Judah talks about his music and his life behind the scenes | The Guardian Nigeria News

When Judah was in 4th grade, he fell in love with music after attending a concert by a jazz band. He saw how the horns came in and the percussion section picked up the beat, it was his first time connecting to the music and the rest is history.

Born Oluwagbemiga Judah, the gifted artist, who moved to the United States at a tender age, learned to play the saxophone in order to join the jazz band. He lights a fire on stage every time he performs and has been seen performing in Chicago, Los Angeles, Miami, San Diego, Harlem, and more.

Judah went on to form an appealing soundscape for Afrobeats fans around the world and quickly built up her own fan base. In this interview, he talks about his beginnings, major projects and his creative process.

What is your main inspiration?
When I was in fifth grade, I went to a Jazz Band concert and the second the horns came on and the percussion section picked up the pace, I fell in love with the music. I knew from that moment that I would one day learn the saxophone and that music would occupy a large place in my life. I didn’t really start creating my own music and recording my own voice until I was in high school, but that experience was the first time I connected to music and fell in love.

My main musical inspiration is Michael Jackson. If we talk about what it means to be a complete musician and an amazing human being, Michael Jackson is that person. He is my inspiration because his life literally belonged to music, and even though it was tragic, it inspires me to see someone with such arduous love for his craft, his fans, and his ability to ease stress and the problems of others with his talent. Michael Jackson will always be one of the only ones.

Describe your creative process when writing new music
My style of music is unique, it’s a mix between Afrobeats, Afropop and hip hop. In most of my songs I incorporate more than one genre and in most cases more than one accent. For example, I’ll sing a pop rap style hook, then layer the verses with a rough Nigerian afrotrap cadence. It sounds a bit confusing but everything new is confusing at first, I feel like it’s a new style of making music, mixing accents and genres in one record.

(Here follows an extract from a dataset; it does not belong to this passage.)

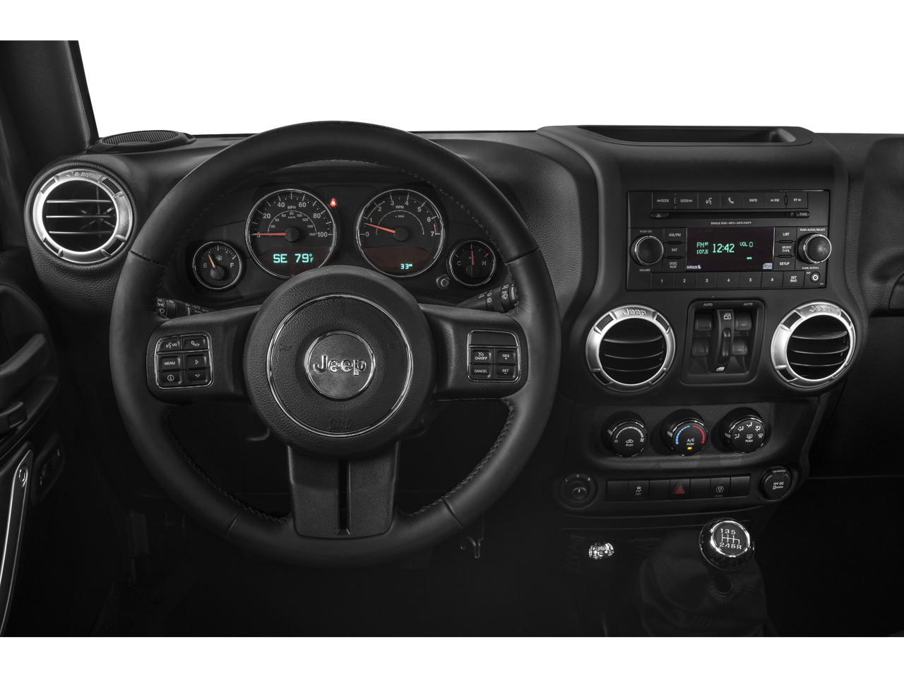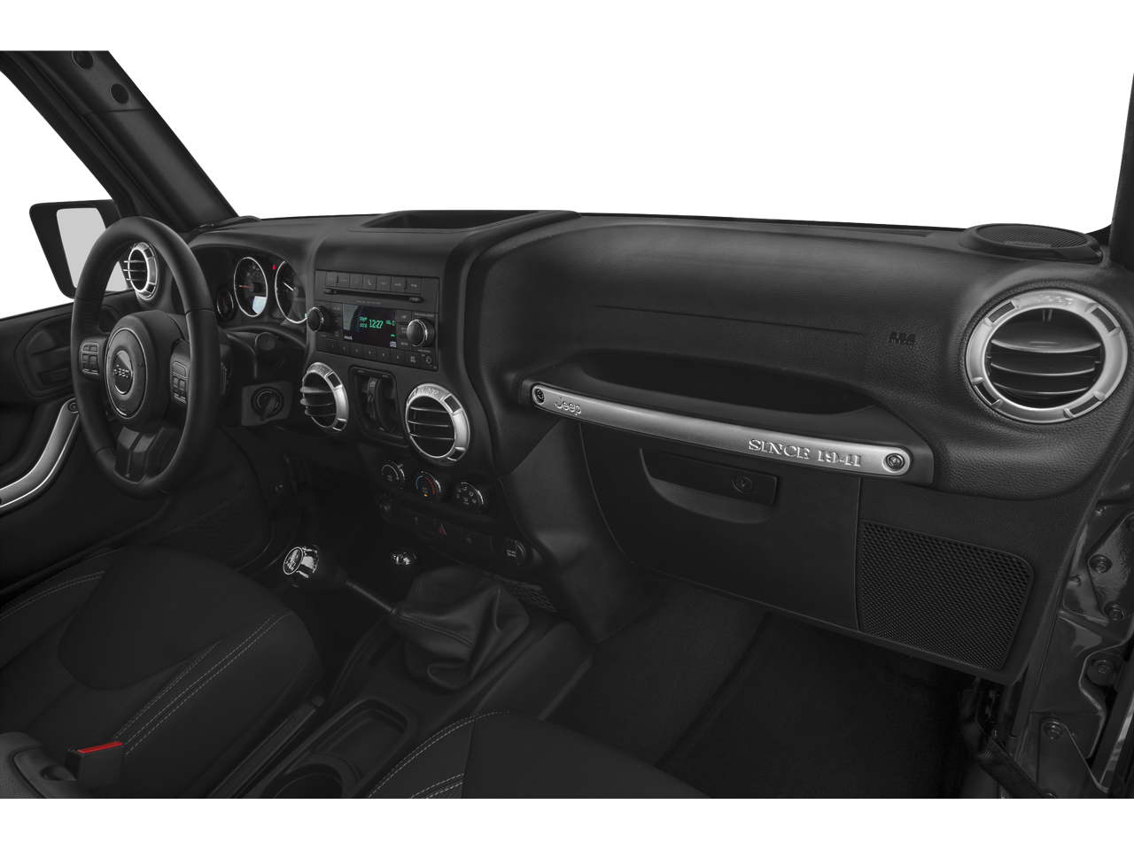 This Wrangler is well Equipped with Connectivity Group (Tire Pressure Monitoring Display and Vehicle Information Center), Max Tow Package, Mopar Chrome Edition Group (Chrome Fuel Filler Door, Mopar Chrome Exhaust Tip, MOPAR Chrome Taillamp Guards, and Mopar Chrome Tubular Side Steps), Mopar Premium Chrome Group (Bright Grille and Chrome Exterior Mirrors), Quick Order Package 23G, Quick Order Package 24G, Trailer Tow Group (Class II Receiver Hitch and Trailer Tow w/4-Pin Connector Wiring), 18 x 7.5 7-Spoke Polished Aluminum Wheels, 18 x 7.5 Polished Satin Carbon Wheels, 4-Wheel Disc Brakes, 40GB Hard Drive w/28GB Available, 5-Year SIRIUSXM Travel Link Service, 6.5 Touch Screen Display, 8 Speakers, ABS brakes, Air Conditioning, Alloy wheels, Alpine 9-Speaker w/All Weather Subwoofer, AM/FM radio, Audio Jack Input for Mobile Devices, Auto-dimming Rear-View mirror, Brake assist, CD player, Cloth Bucket Seats, Compass, Driver door bin, Driver vanity mirror, Dual front impact airbags, Electronic Stability Control, Front anti-roll bar, Front Bucket Seats, Front Center Armrest w/Storage, Front fog lights, Front reading lights, Fully automatic headlights, GPS Navigation, Heated door mirrors, Heated Front Seats, Heavy Duty Suspension w/Gas Shocks, Illuminated entry, Integrated roll-over protection, Leather steering wheel, Leather Wrapped Steering Wheel, Low tire pressure warning, Occupant sensing airbag, Outside temperature display, Panic alarm, Passenger door bin, Passenger vanity mirror, Power door mirrors, Power steering, Power windows, Radio data system, Radio: Uconnect 130 AM/FM/CD/MP3, Radio: Uconnect 430N CD/DVD/MP3/HDD/NAV, Rear anti-roll bar, Remote keyless entry, Remote Start System, Remote USB Port, Security system, SIRIUSXM Travel Link, Speed control, Split folding rear seat, Steering wheel mounted audio controls, Tachometer, Tilt steering wheel, Traction control, Trip computer, and Variably intermittent wipers.

When I write new music, I tend to get a whiff of inspiration, and that can come from a whole host of things. I like to listen to the instrumental alone in a dark room and then let my mind work. If nothing comes out naturally at the moment, I just continue to live my day. In my last release, “Can’t Let You Go”, I wrote my verse while I was finishing up a practice session. I literally stopped mid-workout, caught the inspiration, wrote the verse in 10-15 minutes, and started training again.

What accomplishments do you see yourself achieving in the next five to ten years?
In the next 5-10 years, I would like to have critically acclaimed awards and accomplishments, multi-platinum albums and singles, and different tours and shows around the world. In addition to music, I also have many philanthropic ideas and projects that I would like to get into once I have a bigger platform and more resources.

Do you have any hobbies or interests outside of music?
I enjoy meditation, reading, watching historical documentaries and healthy debate on popular topics or a Socratic discussion in a room of intellectuals. I always like to expand my mind and learn something new, so most of my interests and hobbies center around that.

How do you balance music and other obligations like work, family?
Over the course of my career, I’ve had to learn to strike an effective balance and not sway too much to one side or the other, whether it’s my music or my personal life. In addition, I also have other financial activities in business ventures apart from music. So it was tough, especially last year when my career started to elevate, learning to balance everything. I can’t give an effective answer on how I balance everything because it’s an ever-evolving process. I learn daily to better reconcile my personal life with my professional life and my financial aspirations.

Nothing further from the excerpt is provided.